Single by Louisa Johnson
- Released: 3 March 2017
- Genre: Dance-pop
- Length: 3:35
- Label: Syco
- Songwriters: TMS; Shungudzo Kuyimba; Danny Parker;
- Producer: TMS

Louisa Johnson singles chronology
| "So Good" (2016) | "Best Behaviour" (2017) | "Weak (Stay Strong Mix)" (2017) |

= Best Behaviour (Louisa Johnson song) =

"Best Behaviour" is a song by British singer Louisa Johnson. It was released as a single on 3 March 2017. The track was written by TMS, Shungudzo Kuyimba, and Danny Parker. A remix featuring English rapper Stefflon Don was released on April 14, 2017.

== Music video ==
The music video for "Best Behaviour" was filmed in the desert of Los Angeles. It was directed by Sarah Chatfield, who also directed the music video for Little Mix's "Shout Out to My Ex". Johnson described the video as "quite flirty and very fun at the same time. It's quite up tempo so you can dance to it."

== Track listing ==
Taken from iTunes.

| No. | Title | Length |
|---|---|---|
| 1. | "Best Behaviour" | 3:35 |

== Commercial performance ==
"Best Behaviour" debuted and peaked at number 48 in the UK, spending a total of twelve weeks on the chart. In Scotland, it debuted and peaked at number 22, while reaching number 71 in Ireland.

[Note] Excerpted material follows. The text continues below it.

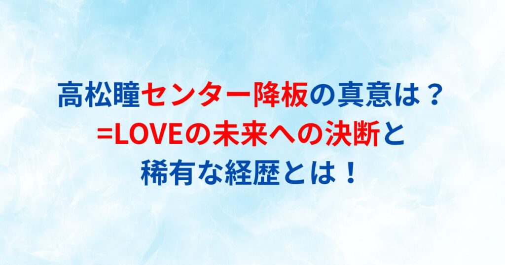 高松瞳センター降板の真意は?=LOVEの未来への決断と稀有な経歴とは!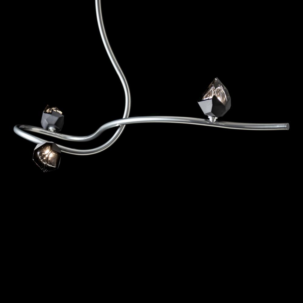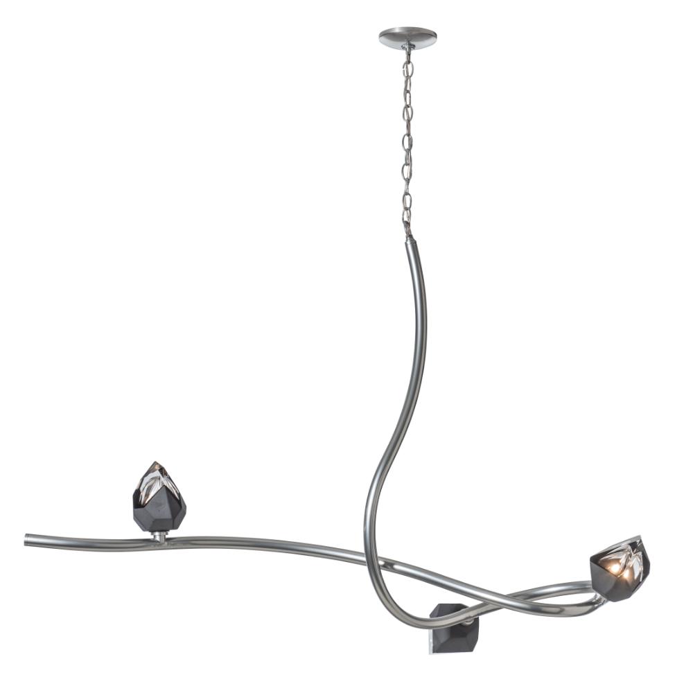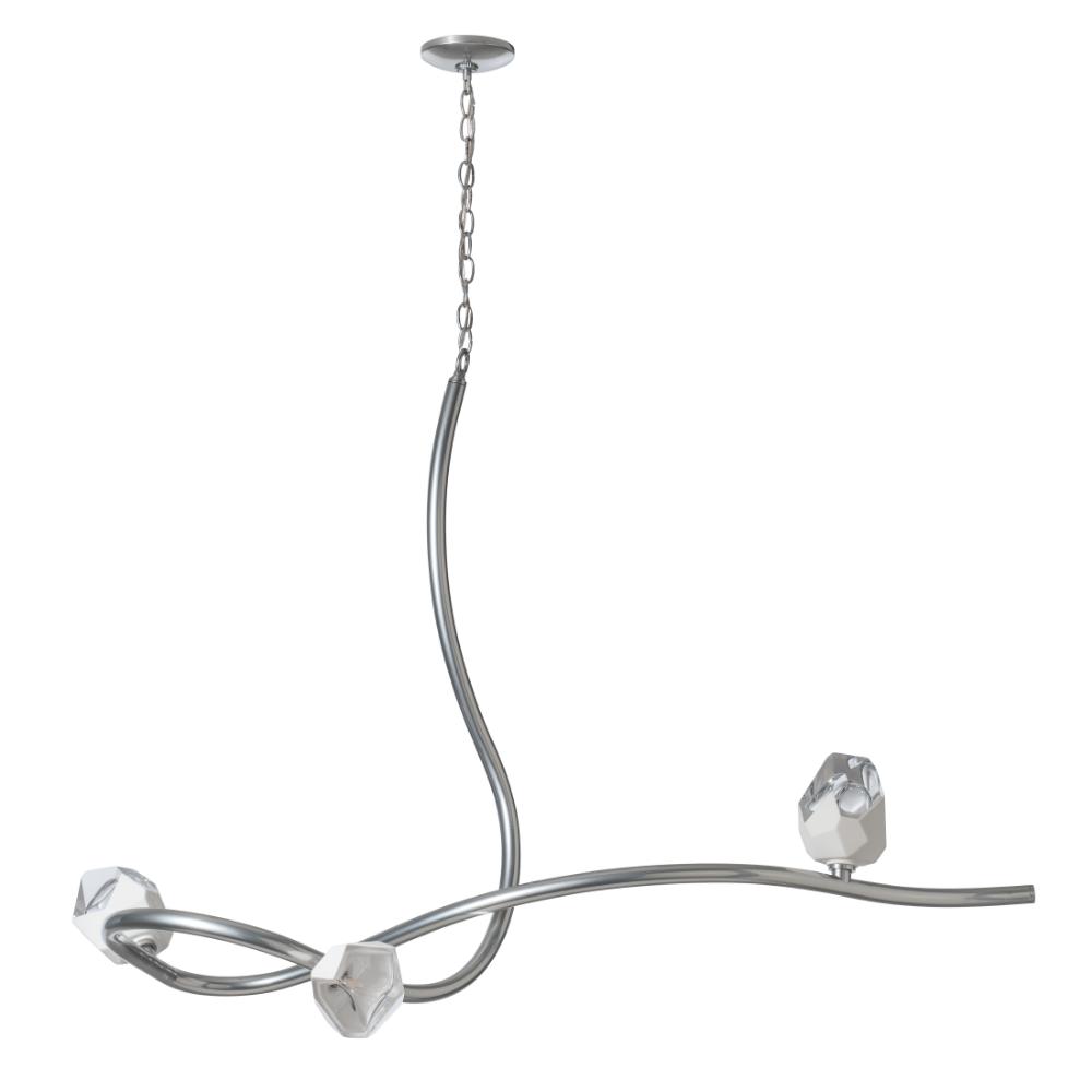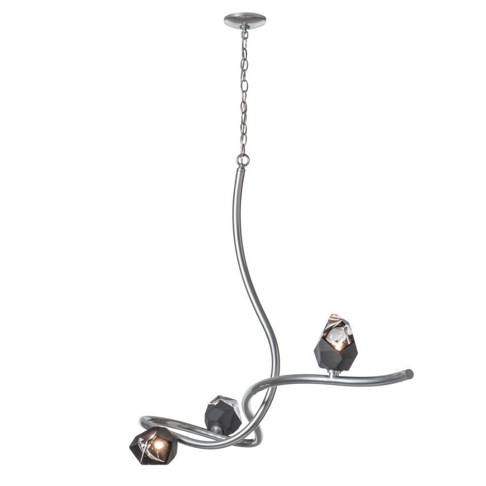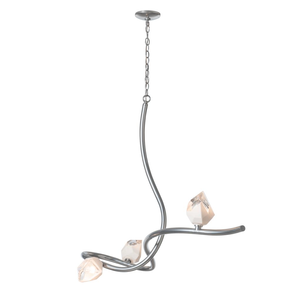 Chain-hung three light linear pendant with thick, faceted glass shades.- Sloped Ceiling: Adaptable to 45 degrees

== Charts and certifications==
===Charts===

| Chart (2017) | Peak position |
|---|---|
| Bulgaria (PROPHON) | 3 |
| Ireland (IRMA) | 71 |
| Scotland (Official Charts Company) | 22 |
| UK Singles (OCC) | 48 |

===Certifications===

| Region | Certification | Certified units/sales |
| United Kingdom (BPI) | Silver | 200,000^{‡} |
^{‡} Sales+streaming figures based on certification alone.